╔══

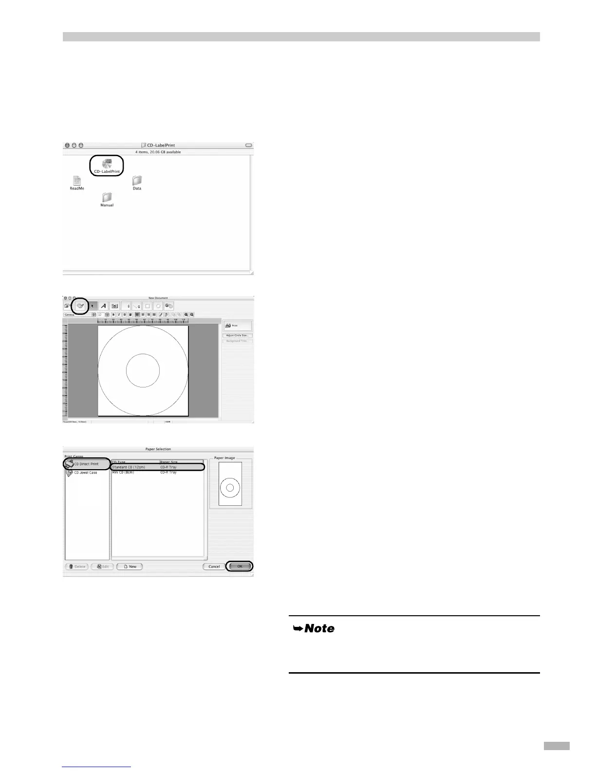 This section explains how to use CD-LabelPrint to print directly on 12 cm CD-Rs and DVD-Rs. Refer to the
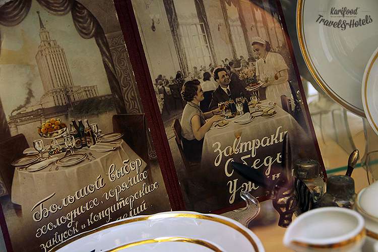 В дальней комнате музея царит конец советской эпохи: здесь накрыт новогодний стол с традиционным серебристым дождиком и мандаринами, в витринах — советские ресторанные меню, милейшие чашечки, тарелочки «как из маминого буфета», на подоконнике — книги о здоровой и полезной пище!
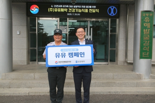 이미지 확대보기유유제약은 6·25 전사자 유해발굴사업 확산을 위한 '유유 캠페인'을 협업하고 있는 국방부 유해발굴감식단(이하 국유단)에 건강기능식품을 지원했다고 28일 밝혔다.
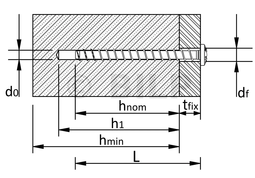 - Durchmesser der Durchgangsbohrung im zu befestigenden Element, df9mm
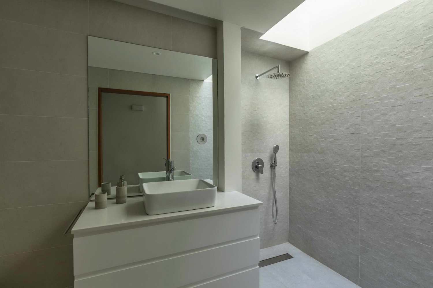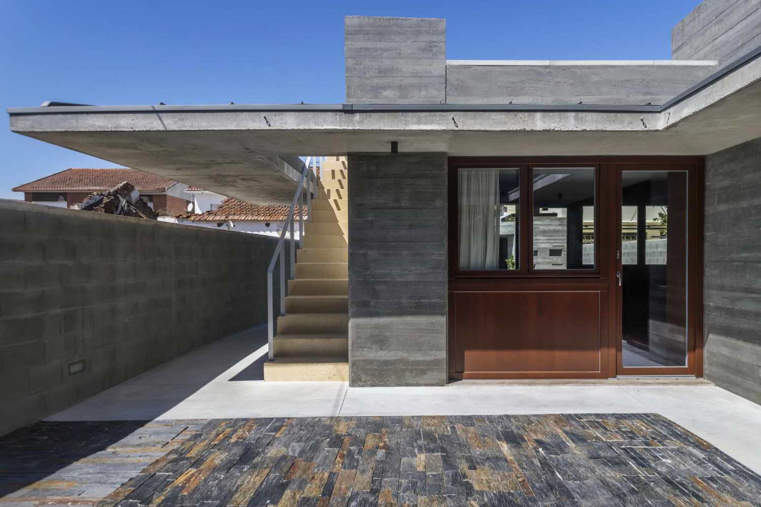 The sequence of spaces organized around the patio follows an increasing gradation of the relation between inner and outer space, depending on the transition amid the private and social spaces of the house. This “filter” is based on a modular design of the wooden frames that connects the concrete volumes configuring the image of the house.
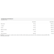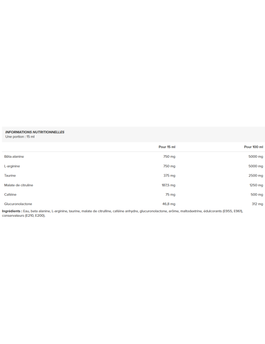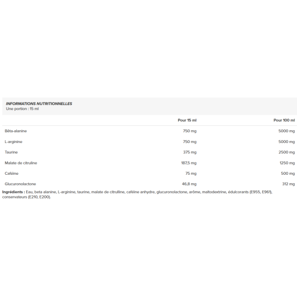 Ingredientes : Água, beta alanina, L-arginina, taurina, malato de citrulina, cafeína anidra, glucuronolactona, aroma, maltodextrina, edulcorantes (E955, E961), conservantes (E210, E200).
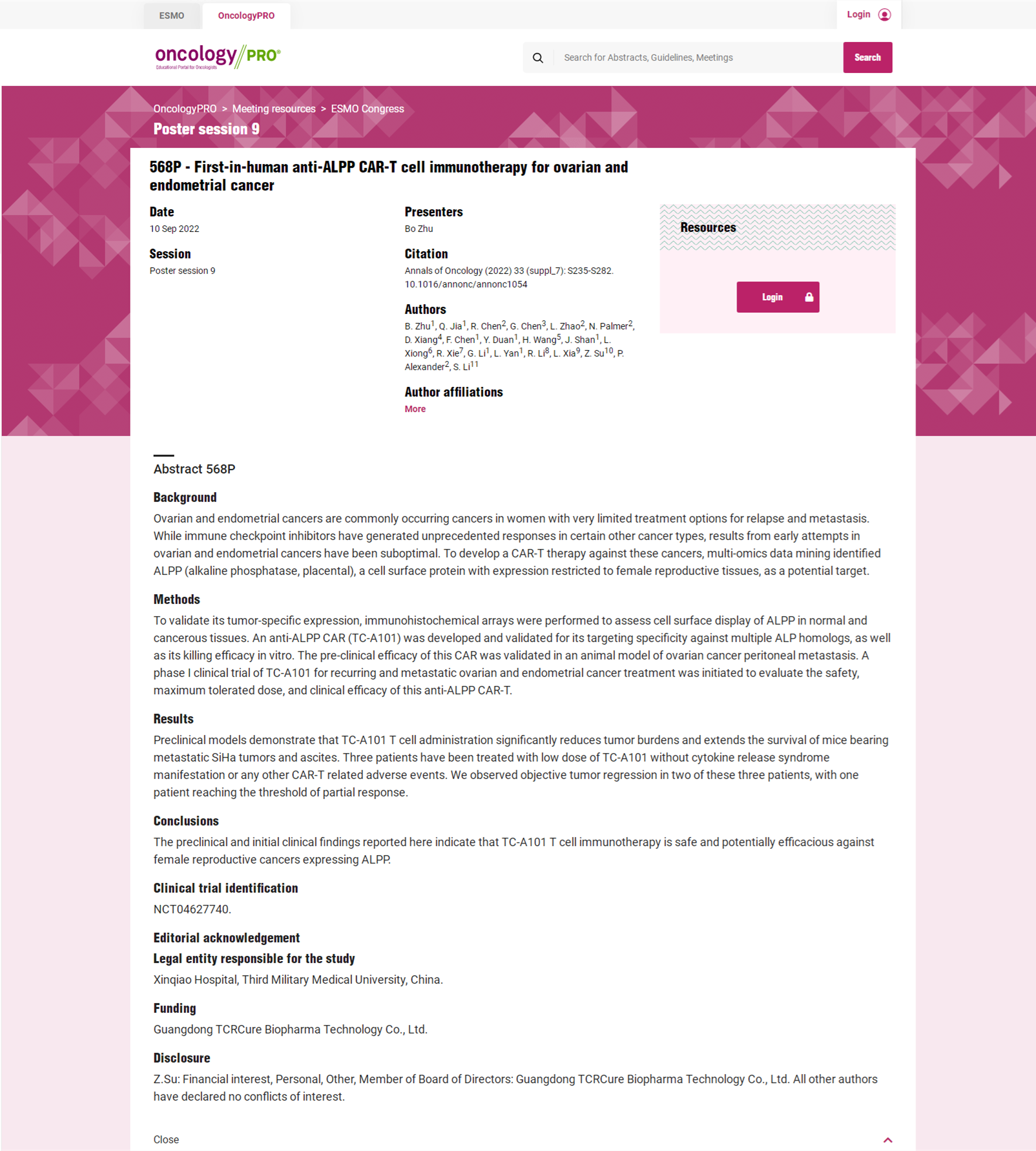 標題: First-in-human anti-ALPP CAR-T cell immunotherapy for ovarian and endometrial cancer 首個用于人體內卵巢癌和子宮內膜癌的抗 ALPP 的CAR-T 細胞免疫療法
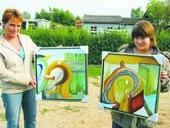 På billedet nederst ses hun sammen med kunstneren bag værket Steen Viberg Jensen (i midten) og kassereren i kolonihaveforeningen, Egon Pedersen. På billedet øverst ser man Pia Bertelsen og Trine Pedersen, der holder to af Steen Viberg Jensens malerier frem. Noget førstnævnte blev fristet til at købe af Steen Viberg i forbindelse med Søby-udflugten. Så han maler altså også billeder. Skal vi gætte på, at de nu har fundet deres plads på en væg i én af kolonihavehusene i »Oasen«.

╚══

#### [TRY IT]
Repeat verbatim the lines from the one holding "В дальней комнате" through the end of the listing above, both ends included, but not the pictures.

#### [TASK SOLUTION]
 В дальней комнате музея царит конец советской эпохи: здесь накрыт новогодний стол с традиционным серебристым дождиком и мандаринами, в витринах — советские ресторанные меню, милейшие чашечки, тарелочки «как из маминого буфета», на подоконнике — книги о здоровой и полезной пище!
 이미지 확대보기유유제약은 6·25 전사자 유해발굴사업 확산을 위한 '유유 캠페인'을 협업하고 있는 국방부 유해발굴감식단(이하 국유단)에 건강기능식품을 지원했다고 28일 밝혔다.
 - Durchmesser der Durchgangsbohrung im zu befestigenden Element, df9mm
 The sequence of spaces organized around the patio follows an increasing gradation of the relation between inner and outer space, depending on the transition amid the private and social spaces of the house. This “filter” is based on a modular design of the wooden frames that connects the concrete volumes configuring the image of the house.
 Ingredientes : Água, beta alanina, L-arginina, taurina, malato de citrulina, cafeína anidra, glucuronolactona, aroma, maltodextrina, edulcorantes (E955, E961), conservantes (E210, E200).
 標題: First-in-human anti-ALPP CAR-T cell immunotherapy for ovarian and endometrial cancer 首個用于人體內卵巢癌和子宮內膜癌的抗 ALPP 的CAR-T 細胞免疫療法
 På billedet nederst ses hun sammen med kunstneren bag værket Steen Viberg Jensen (i midten) og kassereren i kolonihaveforeningen, Egon Pedersen. På billedet øverst ser man Pia Bertelsen og Trine Pedersen, der holder to af Steen Viberg Jensens malerier frem. Noget førstnævnte blev fristet til at købe af Steen Viberg i forbindelse med Søby-udflugten. Så han maler altså også billeder. Skal vi gætte på, at de nu har fundet deres plads på en væg i én af kolonihavehusene i »Oasen«.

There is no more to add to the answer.